▶ **Records to process**
Segment Open

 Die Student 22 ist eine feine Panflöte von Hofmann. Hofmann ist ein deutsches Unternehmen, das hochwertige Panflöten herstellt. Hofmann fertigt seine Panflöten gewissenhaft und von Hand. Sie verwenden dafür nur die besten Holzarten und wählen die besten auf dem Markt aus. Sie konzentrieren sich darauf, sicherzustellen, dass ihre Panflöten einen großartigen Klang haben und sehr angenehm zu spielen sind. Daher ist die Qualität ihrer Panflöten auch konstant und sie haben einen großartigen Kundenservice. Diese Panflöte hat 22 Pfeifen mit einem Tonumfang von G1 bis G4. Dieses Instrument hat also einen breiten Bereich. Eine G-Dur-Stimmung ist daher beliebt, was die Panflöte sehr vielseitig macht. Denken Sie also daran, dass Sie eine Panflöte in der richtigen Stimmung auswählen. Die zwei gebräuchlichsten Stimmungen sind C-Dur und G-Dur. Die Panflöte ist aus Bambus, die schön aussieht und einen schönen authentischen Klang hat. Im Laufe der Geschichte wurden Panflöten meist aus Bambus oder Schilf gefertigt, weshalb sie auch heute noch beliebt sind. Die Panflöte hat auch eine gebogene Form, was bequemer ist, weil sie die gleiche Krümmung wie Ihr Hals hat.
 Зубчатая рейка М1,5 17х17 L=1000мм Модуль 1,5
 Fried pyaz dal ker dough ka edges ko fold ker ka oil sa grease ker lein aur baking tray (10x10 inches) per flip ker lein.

Segment Closed
Segment Open

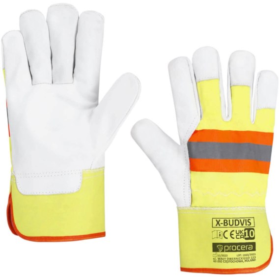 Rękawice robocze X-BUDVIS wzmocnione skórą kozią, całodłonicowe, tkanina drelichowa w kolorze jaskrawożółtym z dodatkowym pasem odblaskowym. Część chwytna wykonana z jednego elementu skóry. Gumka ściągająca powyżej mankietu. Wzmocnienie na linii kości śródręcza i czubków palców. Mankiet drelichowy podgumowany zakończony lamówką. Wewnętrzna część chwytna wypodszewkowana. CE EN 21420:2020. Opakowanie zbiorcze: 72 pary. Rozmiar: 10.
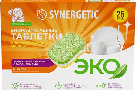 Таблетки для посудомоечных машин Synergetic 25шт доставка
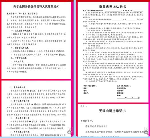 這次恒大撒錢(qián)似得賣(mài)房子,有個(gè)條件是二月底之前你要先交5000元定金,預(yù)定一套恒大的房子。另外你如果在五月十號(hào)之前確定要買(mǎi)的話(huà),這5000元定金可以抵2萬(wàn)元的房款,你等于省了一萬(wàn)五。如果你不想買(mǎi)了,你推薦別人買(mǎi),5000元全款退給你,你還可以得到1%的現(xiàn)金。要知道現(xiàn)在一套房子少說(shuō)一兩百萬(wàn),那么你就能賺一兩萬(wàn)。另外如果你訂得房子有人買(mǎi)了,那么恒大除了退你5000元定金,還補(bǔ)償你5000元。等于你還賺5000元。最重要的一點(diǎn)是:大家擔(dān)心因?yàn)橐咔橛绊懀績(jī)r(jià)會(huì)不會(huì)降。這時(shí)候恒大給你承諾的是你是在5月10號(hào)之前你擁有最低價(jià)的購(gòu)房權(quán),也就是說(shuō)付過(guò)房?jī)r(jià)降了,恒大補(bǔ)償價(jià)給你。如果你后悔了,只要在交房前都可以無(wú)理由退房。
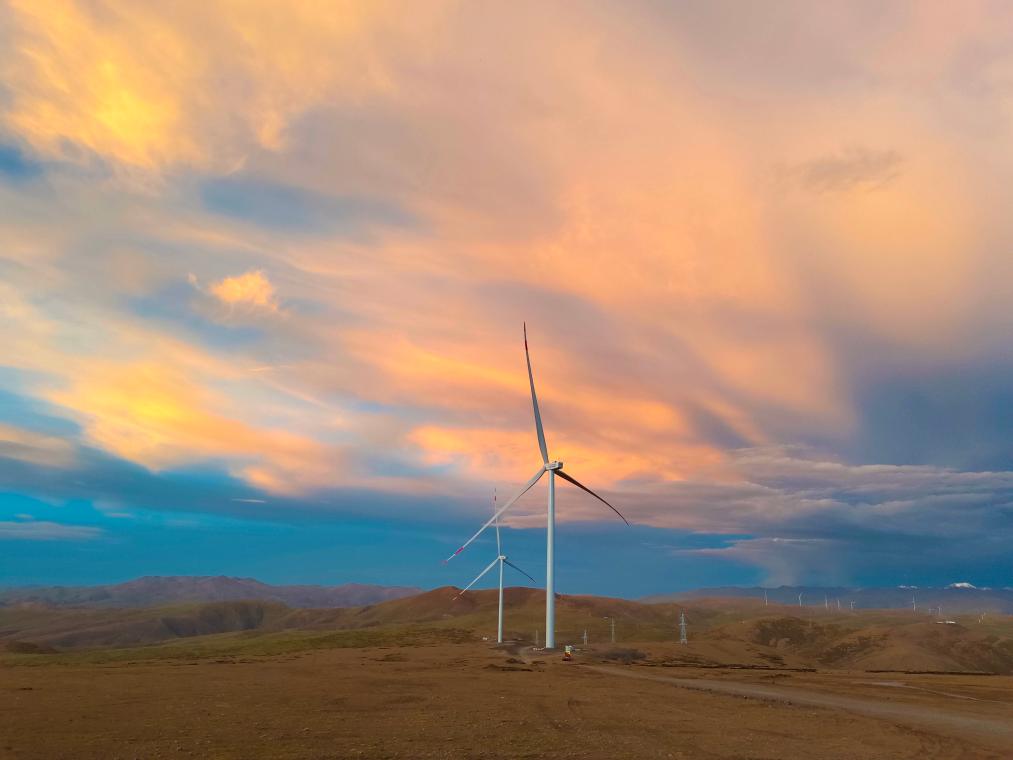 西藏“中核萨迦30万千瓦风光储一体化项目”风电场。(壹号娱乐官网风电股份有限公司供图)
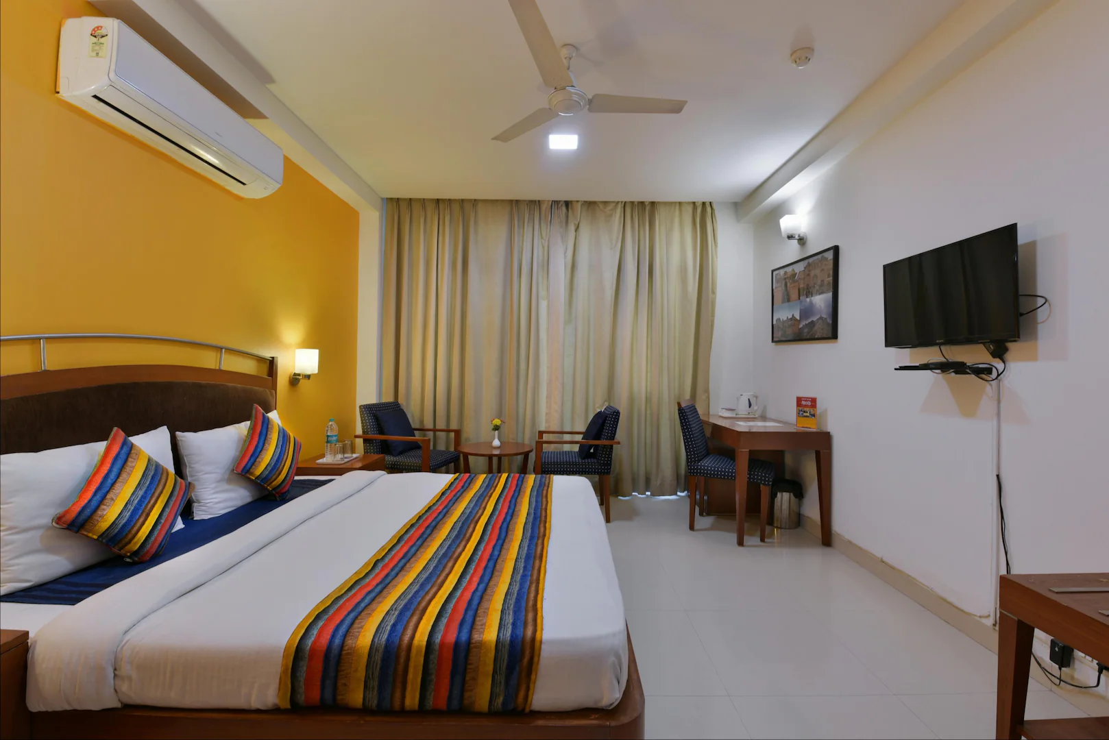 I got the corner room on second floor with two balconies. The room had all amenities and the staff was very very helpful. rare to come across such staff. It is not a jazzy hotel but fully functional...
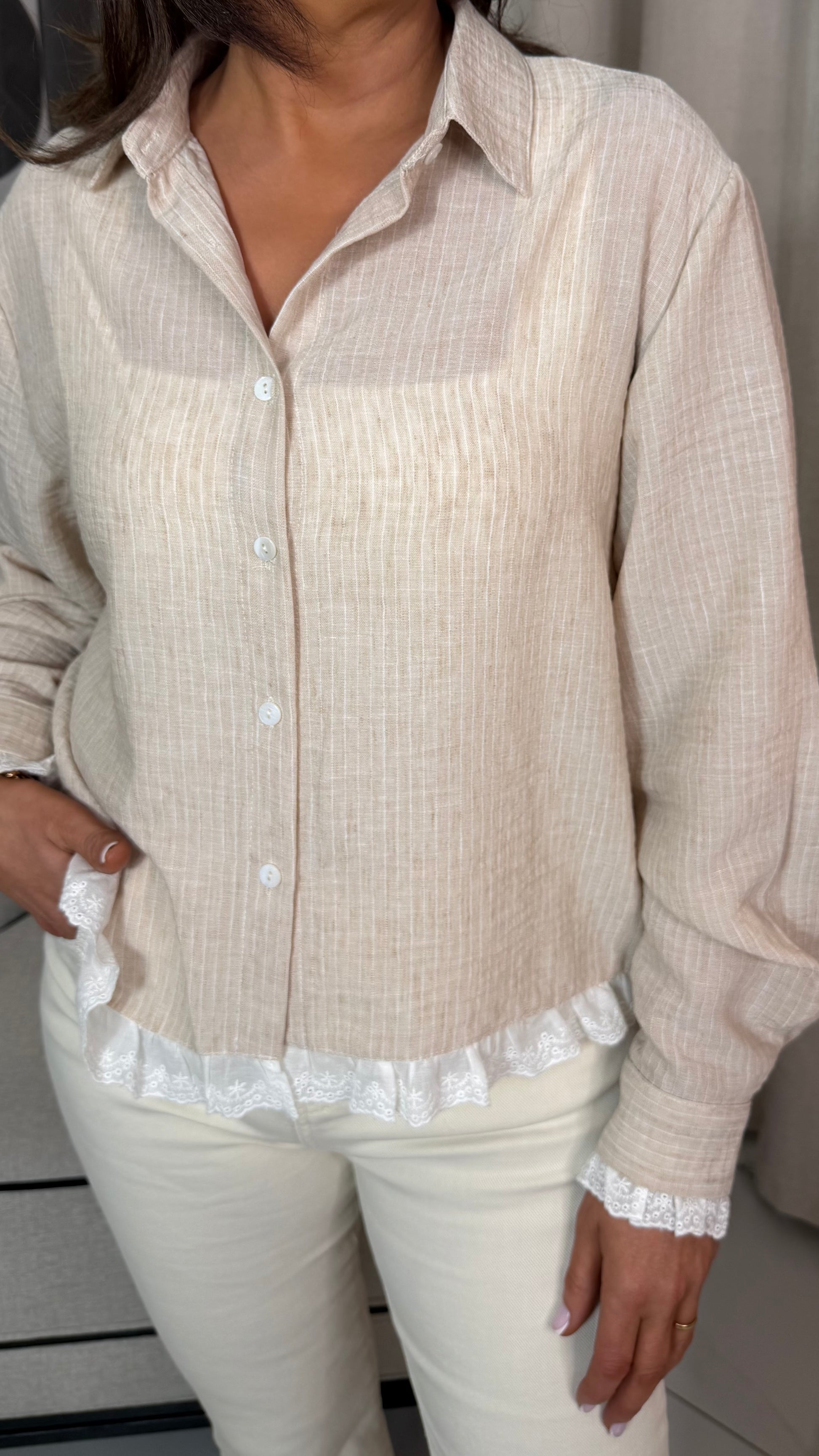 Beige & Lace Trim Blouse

Segment Closed
Segment Open

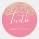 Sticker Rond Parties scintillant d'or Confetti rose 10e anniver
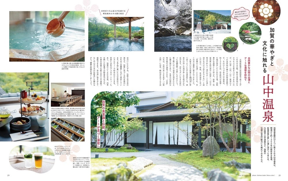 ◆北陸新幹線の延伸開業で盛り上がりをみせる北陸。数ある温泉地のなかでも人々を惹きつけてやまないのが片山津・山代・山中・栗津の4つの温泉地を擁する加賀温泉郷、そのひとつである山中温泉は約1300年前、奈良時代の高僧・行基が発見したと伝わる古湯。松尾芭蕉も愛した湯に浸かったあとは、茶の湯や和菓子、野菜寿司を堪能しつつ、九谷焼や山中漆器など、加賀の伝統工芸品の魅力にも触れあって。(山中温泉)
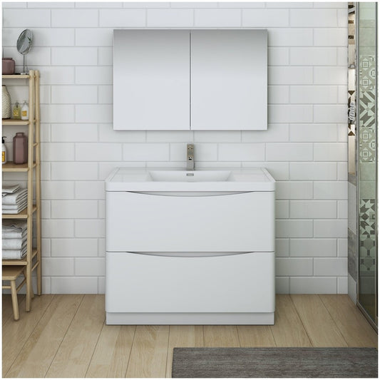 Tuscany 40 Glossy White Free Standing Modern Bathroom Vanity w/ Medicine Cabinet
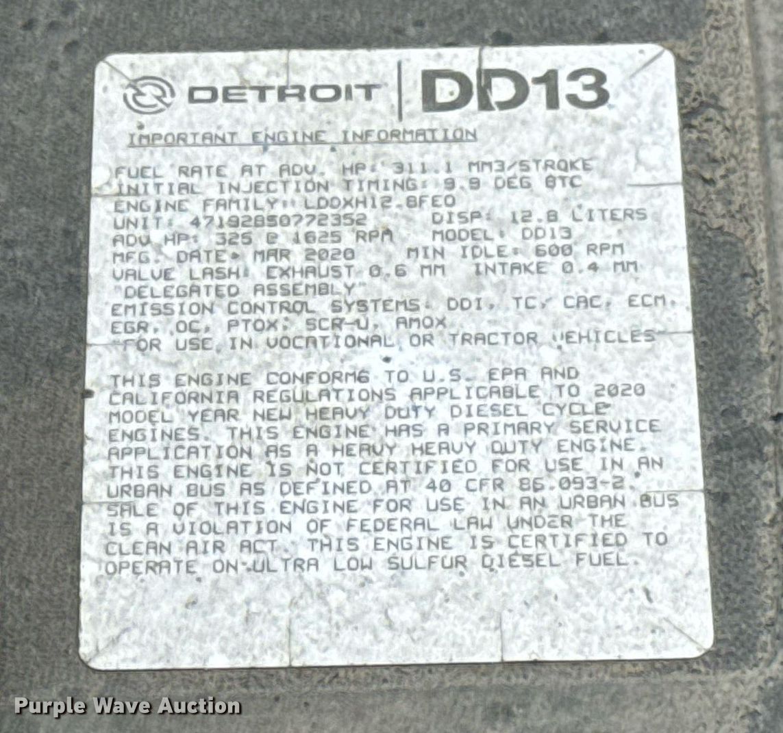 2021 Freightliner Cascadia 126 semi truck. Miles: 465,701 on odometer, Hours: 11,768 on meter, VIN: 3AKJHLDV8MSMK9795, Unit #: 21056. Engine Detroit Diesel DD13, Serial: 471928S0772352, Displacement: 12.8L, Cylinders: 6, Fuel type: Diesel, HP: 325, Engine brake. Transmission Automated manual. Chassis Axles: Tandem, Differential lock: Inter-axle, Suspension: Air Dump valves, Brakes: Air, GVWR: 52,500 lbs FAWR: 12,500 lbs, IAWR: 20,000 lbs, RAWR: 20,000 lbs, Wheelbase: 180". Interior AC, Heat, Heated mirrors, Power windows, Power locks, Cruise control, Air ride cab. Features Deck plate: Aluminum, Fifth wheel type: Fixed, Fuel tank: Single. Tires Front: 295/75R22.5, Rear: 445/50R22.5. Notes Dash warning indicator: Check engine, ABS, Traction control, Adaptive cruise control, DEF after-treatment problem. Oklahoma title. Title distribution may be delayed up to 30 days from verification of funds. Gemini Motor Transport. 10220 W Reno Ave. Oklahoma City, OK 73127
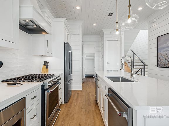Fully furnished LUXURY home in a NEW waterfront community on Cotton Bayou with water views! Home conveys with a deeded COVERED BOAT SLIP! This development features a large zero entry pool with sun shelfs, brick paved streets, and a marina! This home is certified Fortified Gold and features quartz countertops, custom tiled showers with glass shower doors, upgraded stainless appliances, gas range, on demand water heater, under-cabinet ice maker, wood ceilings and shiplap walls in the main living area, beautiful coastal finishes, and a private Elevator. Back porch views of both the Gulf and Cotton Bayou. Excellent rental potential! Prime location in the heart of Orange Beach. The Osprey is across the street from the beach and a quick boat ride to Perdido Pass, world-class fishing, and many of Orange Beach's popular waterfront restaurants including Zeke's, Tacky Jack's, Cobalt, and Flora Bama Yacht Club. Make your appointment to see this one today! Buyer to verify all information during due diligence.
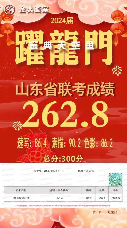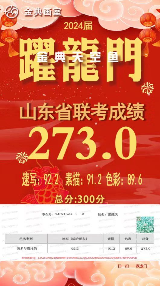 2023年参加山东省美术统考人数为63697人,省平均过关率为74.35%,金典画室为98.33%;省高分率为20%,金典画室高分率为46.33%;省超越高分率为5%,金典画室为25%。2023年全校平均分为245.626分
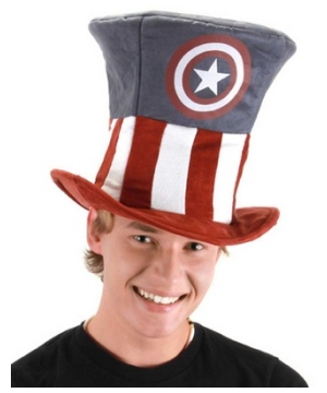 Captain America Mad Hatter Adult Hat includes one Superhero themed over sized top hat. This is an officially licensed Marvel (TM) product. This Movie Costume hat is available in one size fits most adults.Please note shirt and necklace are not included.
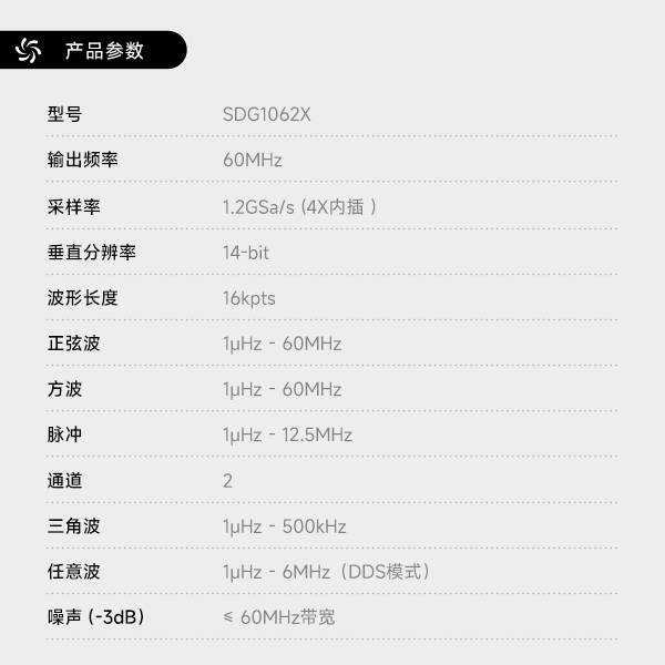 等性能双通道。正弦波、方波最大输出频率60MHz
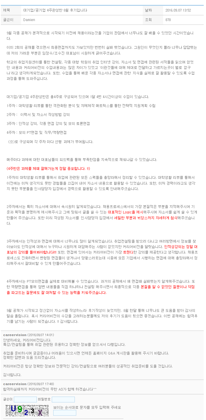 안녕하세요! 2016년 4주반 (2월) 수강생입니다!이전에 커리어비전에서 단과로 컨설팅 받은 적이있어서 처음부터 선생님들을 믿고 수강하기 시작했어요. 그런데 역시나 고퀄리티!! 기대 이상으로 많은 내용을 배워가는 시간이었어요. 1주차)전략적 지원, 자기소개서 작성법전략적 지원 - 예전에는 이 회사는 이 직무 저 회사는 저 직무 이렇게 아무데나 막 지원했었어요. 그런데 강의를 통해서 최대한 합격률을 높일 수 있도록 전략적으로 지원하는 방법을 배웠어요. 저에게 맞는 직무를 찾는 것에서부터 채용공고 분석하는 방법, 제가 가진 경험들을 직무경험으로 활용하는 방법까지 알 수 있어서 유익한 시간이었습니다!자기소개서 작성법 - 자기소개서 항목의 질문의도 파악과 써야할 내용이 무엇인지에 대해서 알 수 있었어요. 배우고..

Segment Closed

▶ **Your assignment**
Using the entries above, transcribe exactly from the line that has "Captain America Mad" through the line that has "안녕하세요! 2016년 4주반". Pictures are dropped.

▶ **Expected answer**
 Captain America Mad Hatter Adult Hat includes one Superhero themed over sized top hat. This is an officially licensed Marvel (TM) product. This Movie Costume hat is available in one size fits most adults.Please note shirt and necklace are not included.
 等性能双通道。正弦波、方波最大输出频率60MHz
 안녕하세요! 2016년 4주반 (2월) 수강생입니다!이전에 커리어비전에서 단과로 컨설팅 받은 적이있어서 처음부터 선생님들을 믿고 수강하기 시작했어요. 그런데 역시나 고퀄리티!! 기대 이상으로 많은 내용을 배워가는 시간이었어요. 1주차)전략적 지원, 자기소개서 작성법전략적 지원 - 예전에는 이 회사는 이 직무 저 회사는 저 직무 이렇게 아무데나 막 지원했었어요. 그런데 강의를 통해서 최대한 합격률을 높일 수 있도록 전략적으로 지원하는 방법을 배웠어요. 저에게 맞는 직무를 찾는 것에서부터 채용공고 분석하는 방법, 제가 가진 경험들을 직무경험으로 활용하는 방법까지 알 수 있어서 유익한 시간이었습니다!자기소개서 작성법 - 자기소개서 항목의 질문의도 파악과 써야할 내용이 무엇인지에 대해서 알 수 있었어요. 배우고..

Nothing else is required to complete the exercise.